Multiple Endocrine Neoplasia
Multiple endocrine neoplasia (MEN) is a hereditary syndrome characterized by abnormal function of two or more endocrine organs. MEN1 is characterized by primary hyperparathyroidism, pancreatic endocrine tumors, and anterior pituitary gland neoplasms, whereas MEN2A is characterized by pheochromocytomas, medullary thyroid carcinoma, and hyperparathyroidism. In both cases the hyperparathyroidism is multiglandular; however, in MEN1 it is characterized by an asynchronous and steadily progressive course, whereas in MEN2A it has a later onset and less severe effects at clinical evaluation, with lower morbidity.
Parathyroid Cysts
There are two types of parathyroid cysts. The first is a purely cystic parathyroid lesion, attributable to embryologic remnants of the third or fourth branchial pouches or enlargement of microcysts within the parathyroid because of colloid retention ( Fig. 2 ). The second type refers to cystic necrosis or degeneration of parathyroid adenomas. Both entities can cause hypercalcemia because of high parathyroid hormone level in the cyst fluid.
Parathyroid Carcinoma
Carcinoma occurs in 0.5% to 1.0% of patients who have primary hyperparathyroidism. It is usually indistinguishable from benign adenoma on clinical evaluation and imaging ( Fig. 3 ). It can be suggested by a palpable neck mass on examination or demonstration of invasion of adjacent structures on imaging, however. Classically, parathyroid carcinomas are said to be slow growing with distant metastasis occurring late in the course of the disease.
Parathyromatosis
Parathyromatosis is a rare condition characterized by findings of multiple rests of hyperfunctioning parathyroid tissue in the neck and mediastinum with resultant persistent or recurrent hyperparathyroidism ( Fig. 4 ). It has been associated with MEN1, spillage of hypercellular parathyroid tissue during surgical exploration of the neck, or hyperfunctioning parathyroid rests left behind during ontogenesis. Importantly, ultrasound-guided fine needle aspiration does not seem to predispose patients to development of parathyromatosis.
Parathyroid imaging
Several modalities can be used to image the parathyroid gland. Because hyperparathyroidism caused by a solitary parathyroid adenoma is by far the most common form of parathyroid pathology, imaging is often geared toward accurate preoperative identification of the offending adenoma. Accurate preoperative identification of a parathyroid adenoma allows for directed parathyroid surgery, which is as effective as traditional bilateral neck exploration, but is associated with reduced surgical time, reduced hospital stay, improved cosmetic result, use of local rather than general anesthesia, and no risk for permanent hypoparathyroidism. This identification can be accomplished with neck ultrasound, 99m Tc sestamibi scintigraphy, or, ideally, a combination of both.
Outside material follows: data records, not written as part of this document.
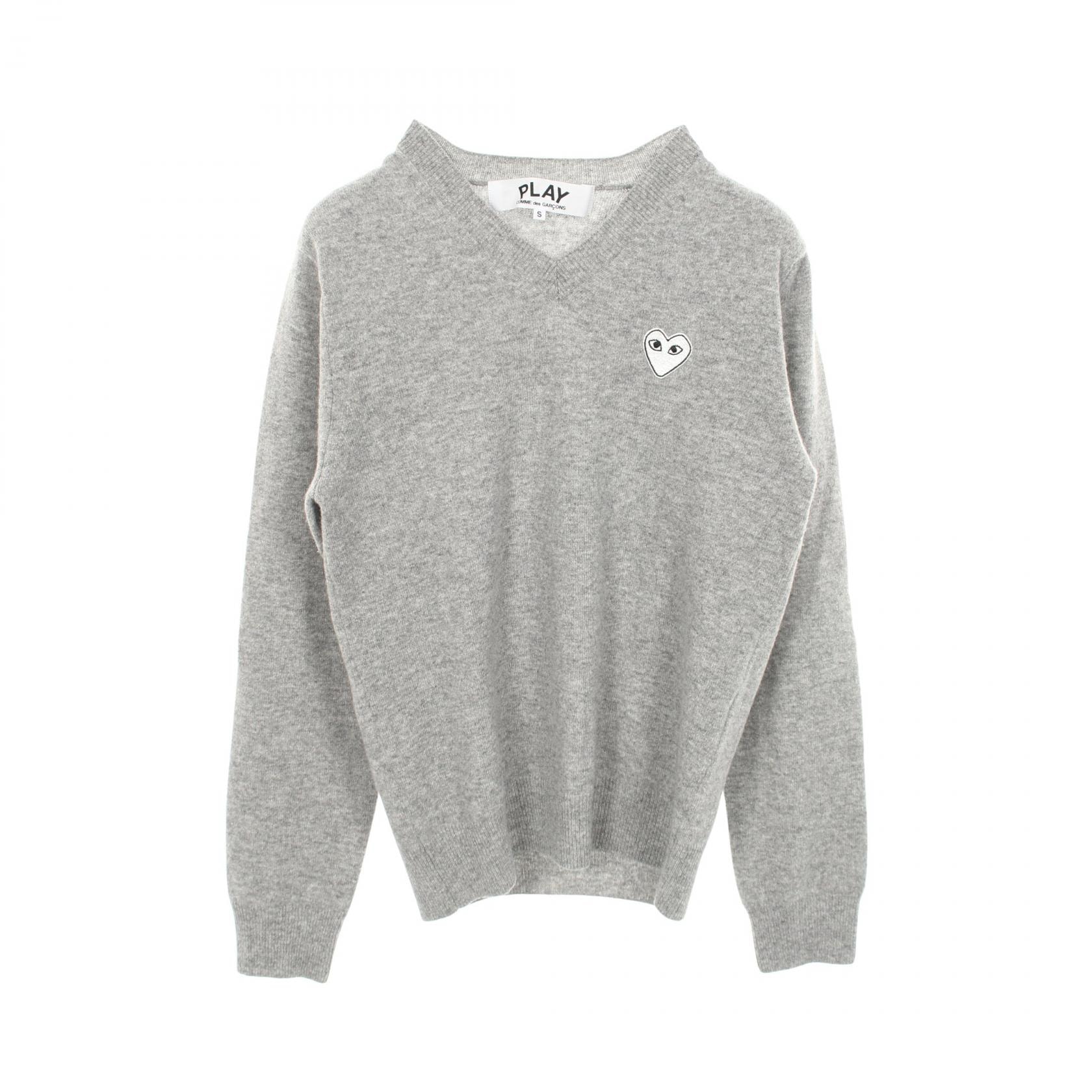 プレイコムデギャルソン PLAY COMME des GARCONS ハートパッチ Vネック ニット 衣料品 トップス ウール メンズ グレー系 【中古】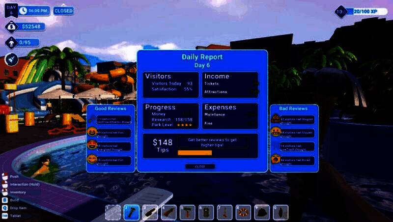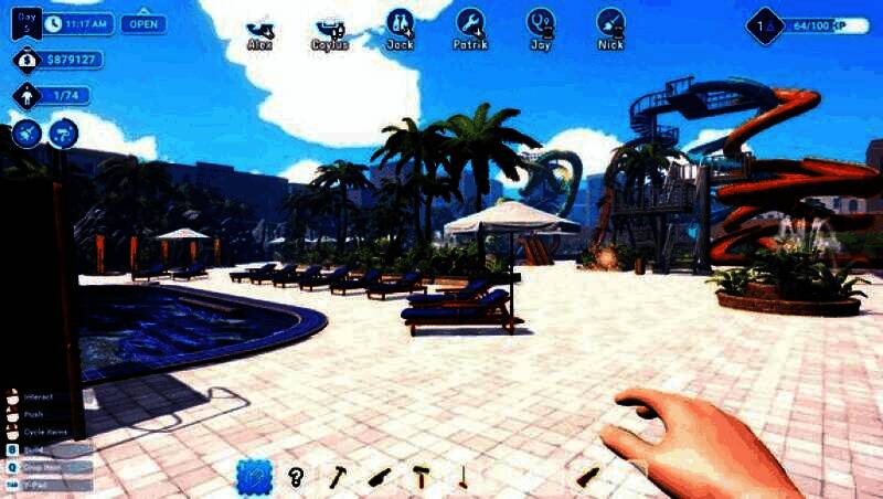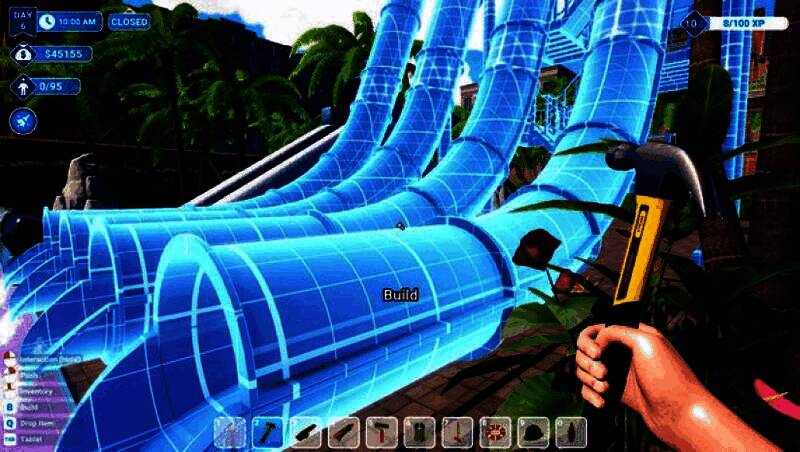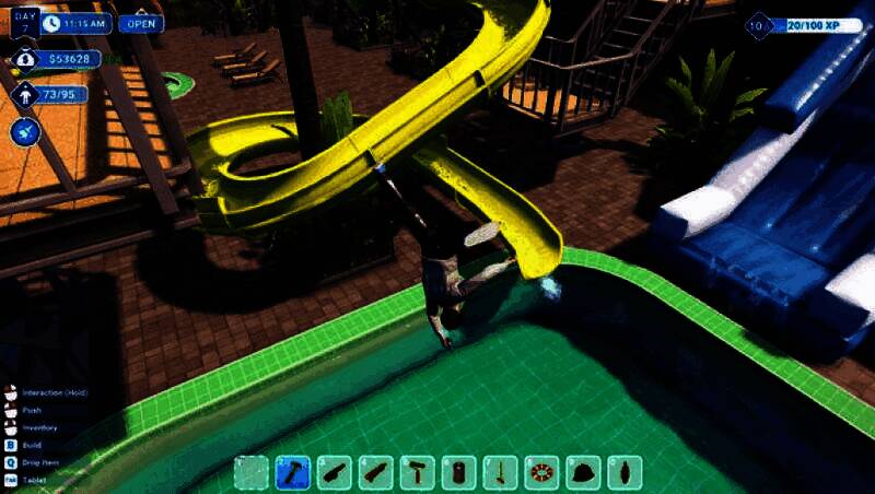 在《Waterpark Simulator》中,你不仅是设计师,更是执行者。初期需亲力亲为:售票、供餐、清理泳池粪便、抢救溺水者、维修破损设施——真实还原初创乐园的混乱日常。随着收入增长,可逐步雇佣员工,将你从琐事中解放,专注于园区扩建与创意升级。通过第一人称视角深入每一个操作环节,体验从“一人军团”到乐园大亨的成长历程。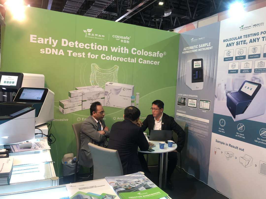 展會上,康立明生物創(chuàng)始人、腸癌早篩技術(shù)發(fā)明人鄒鴻志博士親臨現(xiàn)場,并帶領(lǐng)專業(yè)團(tuán)隊(duì)為多方客戶熱情專業(yè)的講解,共同交流,洽談合作。并介紹了長安心®目前在國內(nèi)568051例應(yīng)用檢測(截至2022年12月31日)的成功模式與經(jīng)驗(yàn)。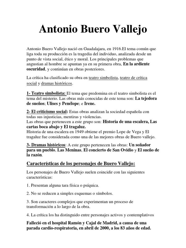 Resumen de Buero Vallejo- Literatura Castellano - Antonio Buero Vallejo ...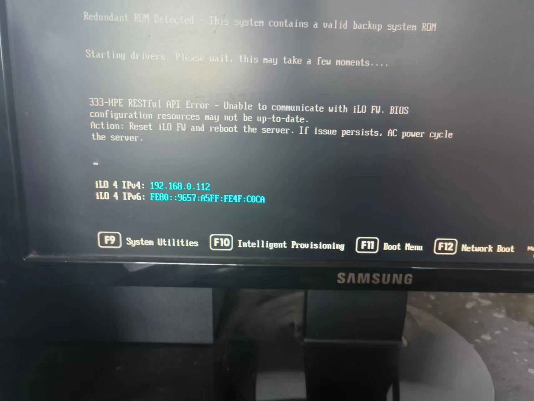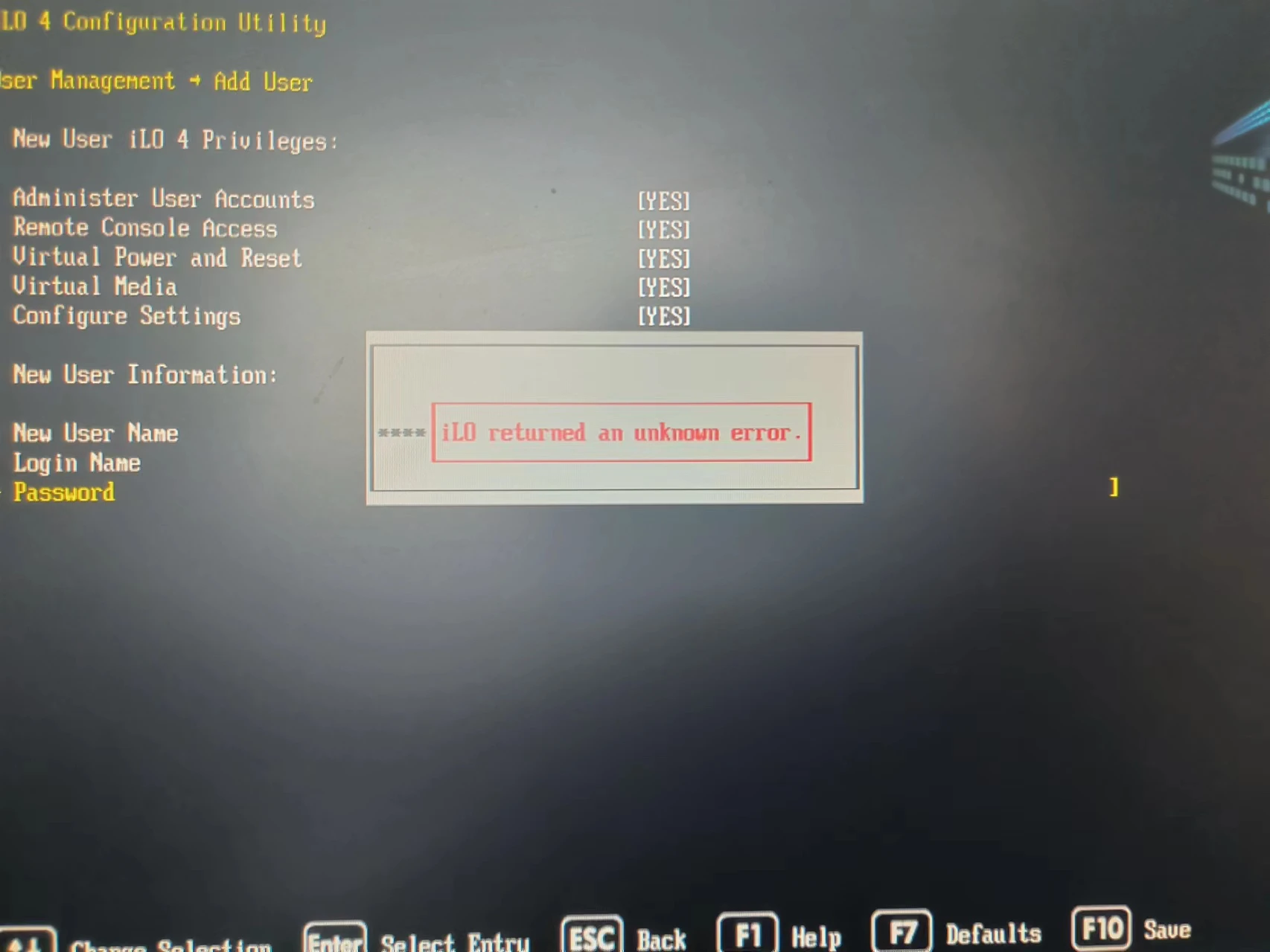 但开机后我遇到了一个意想不到的问题,惠普的服务器需要通过iLO进行管理,但这台机器的iLO似乎有点问题。具体而言,机器启动就会报一个iLO的错误,同时修改iLO的密码时也会显示未知错误: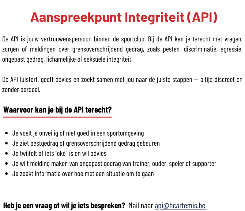 Locatie trainingen + wedstrijden: Herenthoutseweg 122, 2200 HerentalsE-mail: info@hcartemis.beFacebook: https://www.facebook.com/hcartemis
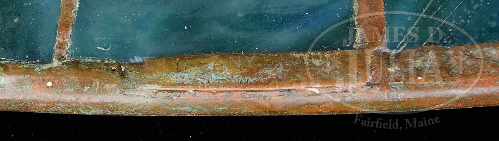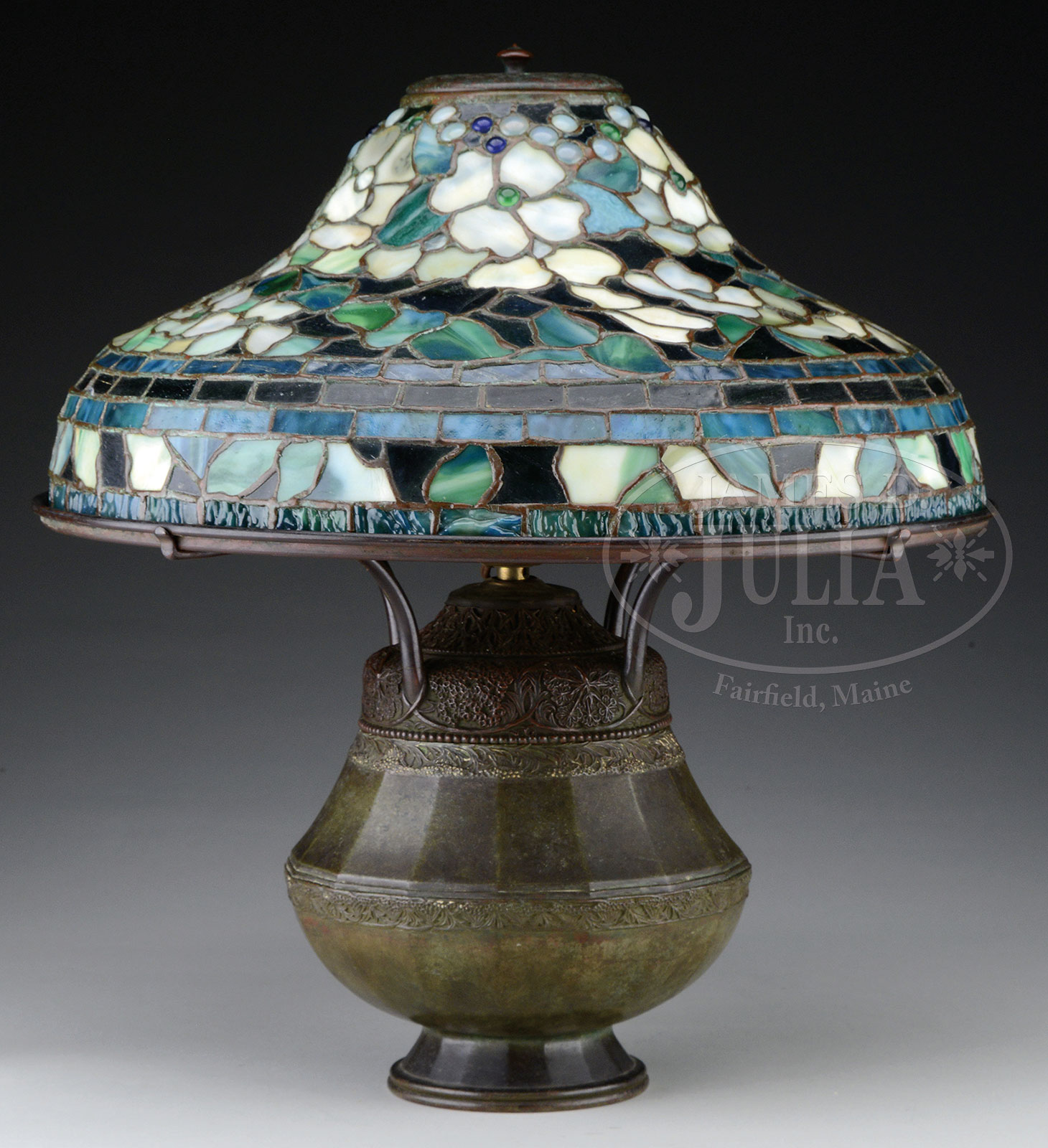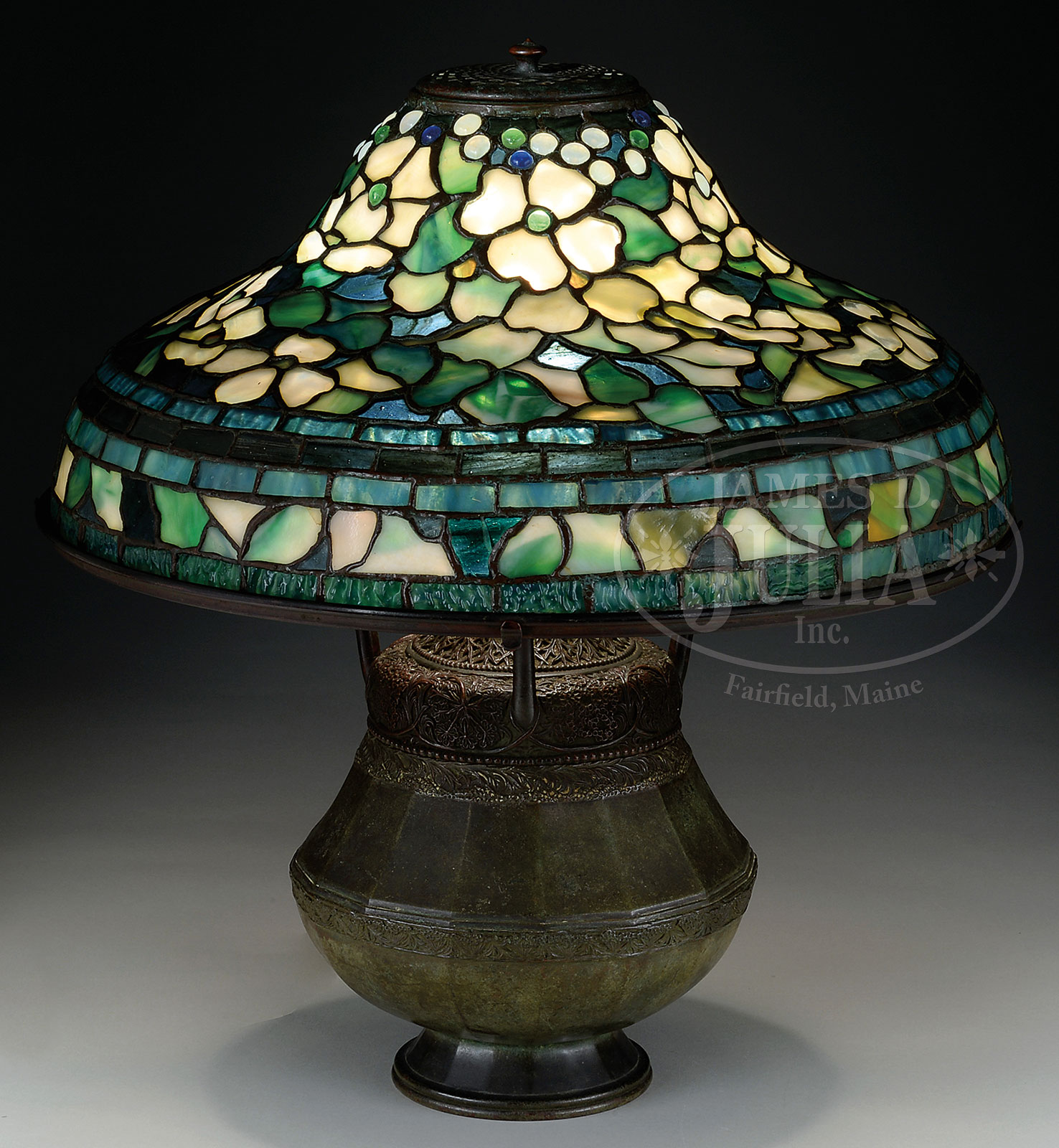 TIFFANY STUDIOS JEWELED DOGWOOD SHADE ON QUEEN ANNE’S LACE BASE.Leaded glass shade is done in the rare jeweled dogwood pattern with mottled white dogwood flowers, some of which have green and white cabochon jewels in the center. The dogwood flowers are surrounded by striated green and blue leaves, all against a striated blue and brown background. The shade is further decorated with blue, green, white and opalescent jewels around the aperture. Shade signed with small applied tag on lower rim “Tiffany Studios New York”. Shade rests on a scarce Tiffany Studios cast bronze base with ribbed sides and Queen Anne’s lace pattern adorning the waist as well as the top of the font. Base is complete with a four arm spider supporting the shade ring. Base is finished with a brown patina and green highlights, while the top of the font is finished with a reddish brown patina, complete with Tiffany heat cap. Signed on underside of font with applied round tag “Tiffany Studios New York 27476”, along with the Tiffany Glass and Decorating Co. logo, base is also signed on the underside “Tiffany Studios New York 27476″ along with the Tiffany Glass and Decorating Co. logo. SIZE: Shade 16″ dia. Lamp 18-1/2” t. CONDITION: Shade is very good to excellent with some tight hairlines and no missing glass. Base is very good, converted to electric without drilling the font, some minor wear and discoloration to patina. 51088-31 (25,000-35,000) – Lot 1412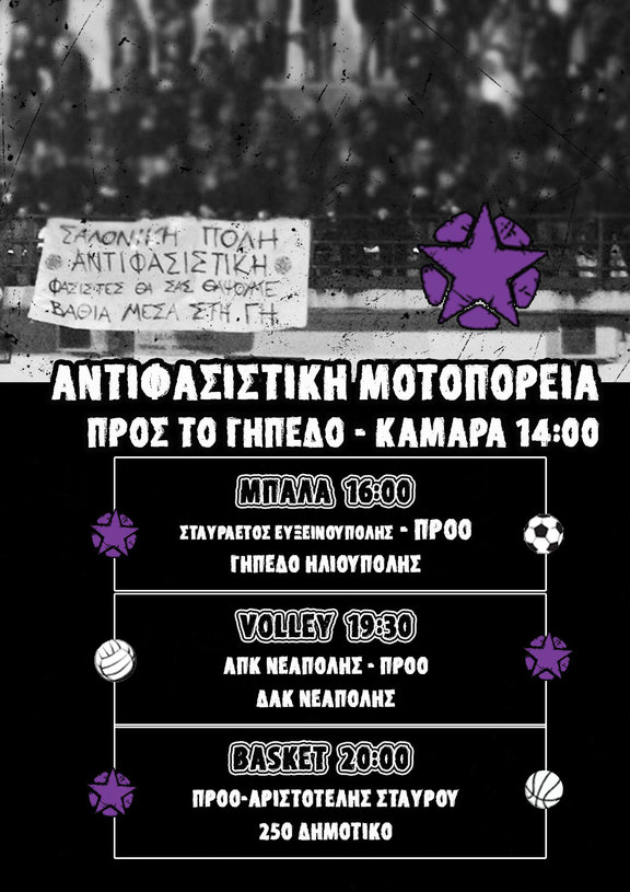 Κυριακη 4/3 μηχανοκινητη αντιφασιστικη πορεια προς το γηπεδο της Ηλιουπολης. Ραντεβου 14:00 Καμαρα...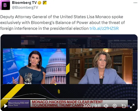今天在彭博电视台的权力平衡早间版中,主持人凯莉·莱因茨采访了副检察长丽莎·莫纳科,讨论外国干预美国总统选举的威胁。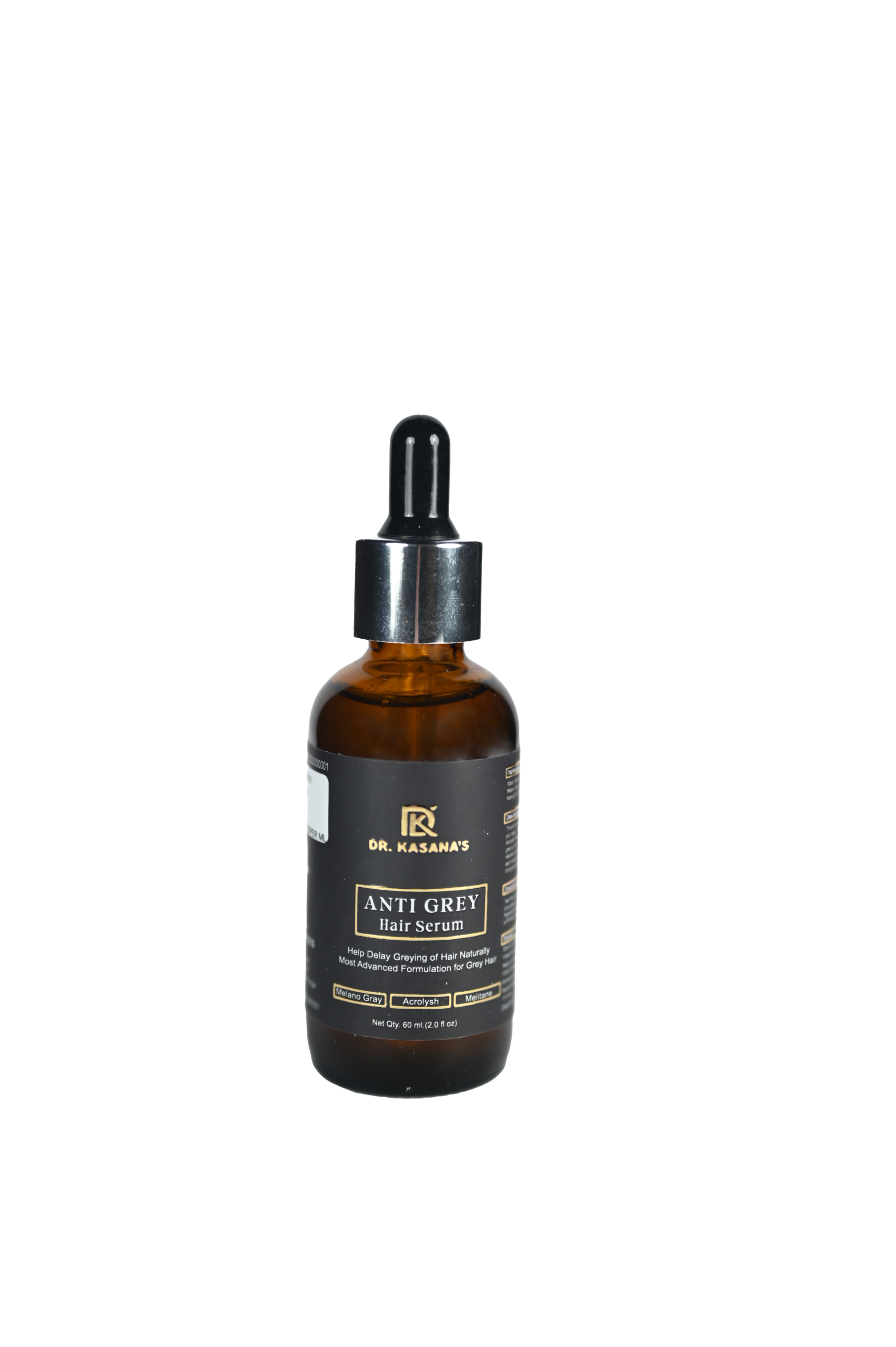 Dr. Kasana’s Anti Grey Hair Serum is a lightweight, highly efficacious scalp serum formulated to help decrease premature greying and support natural melanin production. Enriched with clinically backed actives like Acrolys®, Melitane® and MelanoGray®, this serum restores natural hair colour, stops oxidation-driven greying, and improves overall scalp health.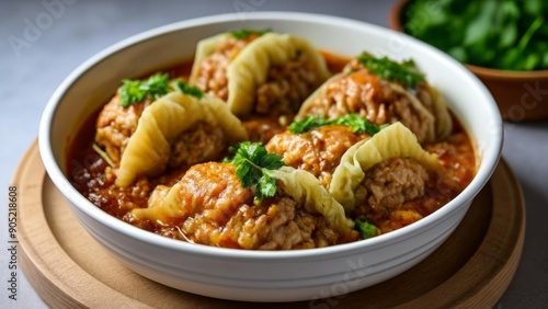 garnish, accessing, homemade, food, soup, bowl, dumpling, pasta, cookery, herb, comfort food, flavorful, hearty, delicious, meatball, meal, savoury, wooden table, sauce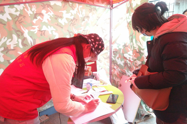 她每天和社區工作人員一起在小區門口值守,堅守對往返人員逐一登記量體溫、逐個排查,為居民無接觸代收快遞冒著被感染的危險,及時為隔離人員、困難群眾提供生活幫助。

CT and MR imaging are primarily used to further evaluate suspected cases of parathyroid carcinoma and parathyroid cysts, although they can also be used to aid in diagnosis in select cases of hyperparathyroidism.
Ultrasound
Technique
Imaging should be performed with 10-MHz or higher linear array transducers to provide optimal gray-scale and color Doppler imaging. The patient is examined in the supine position with the neck slightly extended, identical to the position used to scan the thyroid gland. Rotation of the neck away from the side being examined and asking the patient to swallow may aide in locating enlarged parathyroid glands. Scanning is performed in the transverse and longitudinal planes with attention focused posterior and inferior to the thyroid gland, medial to the carotid artery and jugular vein, and along the tracheoesophageal groove. If necessary the transducer can be angled to increase visualization inferiorly along the trachea and into the superior mediastinum or behind the clavicle. Graded compression may also aid in differentiating a relatively incompressible gland from surrounding soft tissue. Color Doppler sonography should be performed on all suspected adenomas because vascularity is important to the sonographic diagnosis ( Fig. 5 ).